Localization of the activated clusters for the interaction of lexical stress with rhythmical well-formedness, as plotted on the MRIcroN template of the Colin brain. NS = NOSHIFT; CL = CLASH; SH = SHIFT; LA = LAPSE.

Figure 4. 

Localization of the activated clusters for the interaction of lexical stress with rhythmical well-formedness, as plotted on the MRIcroN template of the Colin brain. NS = NOSHIFT; CL = CLASH; SH = SHIFT; LA = LAPSE.

We resolved the interaction by lexical stress to contrast violation of lexical stress in a rhythmically unlicensed context against a rhythmically licensed context (CLASH vs. NOSHIFT and LAPSE vs. SHIFT). Because the mask of the interaction was limited to one cluster, we found suprathreshold clusters when masking with the activation of the interaction effect only for LAPSE versus SHIFT, which was localized in the right STG (see Table 2 for details of the peak voxel).

DISCUSSION

In this study, we investigated the neural correlates of rhythmic irregularities, as manifested in the interplay between lexical stress and rhythmical well-formedness in natural speech. As stimuli, we used German compounds, which followed the rationale of previous ERP experiments (Henrich et al., 2014, 2015; Bohn et al., 2013), and embedded them into rich narrative context. Thus, participants encountered the stimuli while listening to stories. After each story, they answered two comprehension questions presented visually, which did not draw attention to the prosodic manipulation.

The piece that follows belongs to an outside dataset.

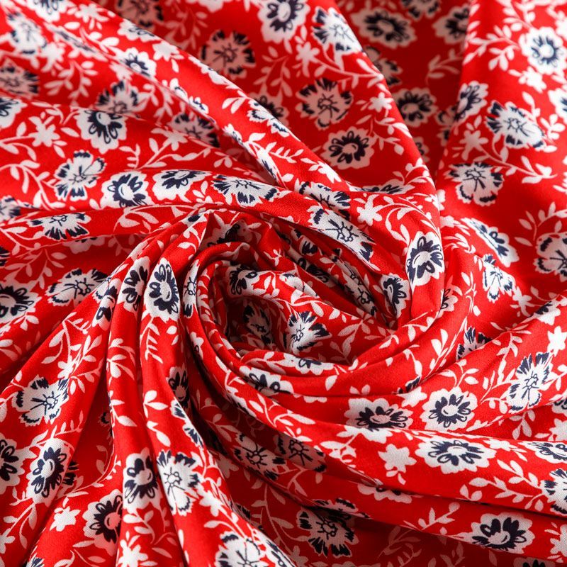 Плательно-блузочный штапель с не крупным цветочным принтом на красном фоне. Мягкий, тонкий, нежный, пластичный, приятный на ощупь, хорошо драпируется, практичный. Подойдет для пошива платья, топа, блузки, рубашки, юбки, летних брюк.

We employed a full factorial design of rhythmical well-formedness (well-formed vs. ill-formed) crossed with lexical stress (correct: Báhn-hof vs. incorrect: Bahn-hòf). The higher BOLD responses for correct lexical stress (NOSHIFT and CLASH) in comparison with incorrect lexical stress (SHIFT and LAPSE) were largely bilateral and observable in frontoparietal regions, in the SMA and the precuneus. This activation pattern is in line with the findings on lexical stress manipulations by Domahs et al. (2013), in which higher BOLD responses for correct versus incorrect lexical stress were found in the left angular gyrus and right retrosplenial cortex. More importantly, because irregular rhythmical patterns in this study resemble the mild violations of Domahs et al. (2013), our results are in accordance with their findings of bilateral SMA and left angular gyrus activation, which overlaps with our left IPL. In addition, our findings go one step further than those of Aleman et al. (2005) in that the left hemispheric activation of SMA, pre-central gyrus, PoCG, and SPL and the right hemispheric activation in SMA, PoCG, and INS have now been shown to scale up for lexical stress processing, even in natural story listening and without a lexical or rhythmical discrimination task.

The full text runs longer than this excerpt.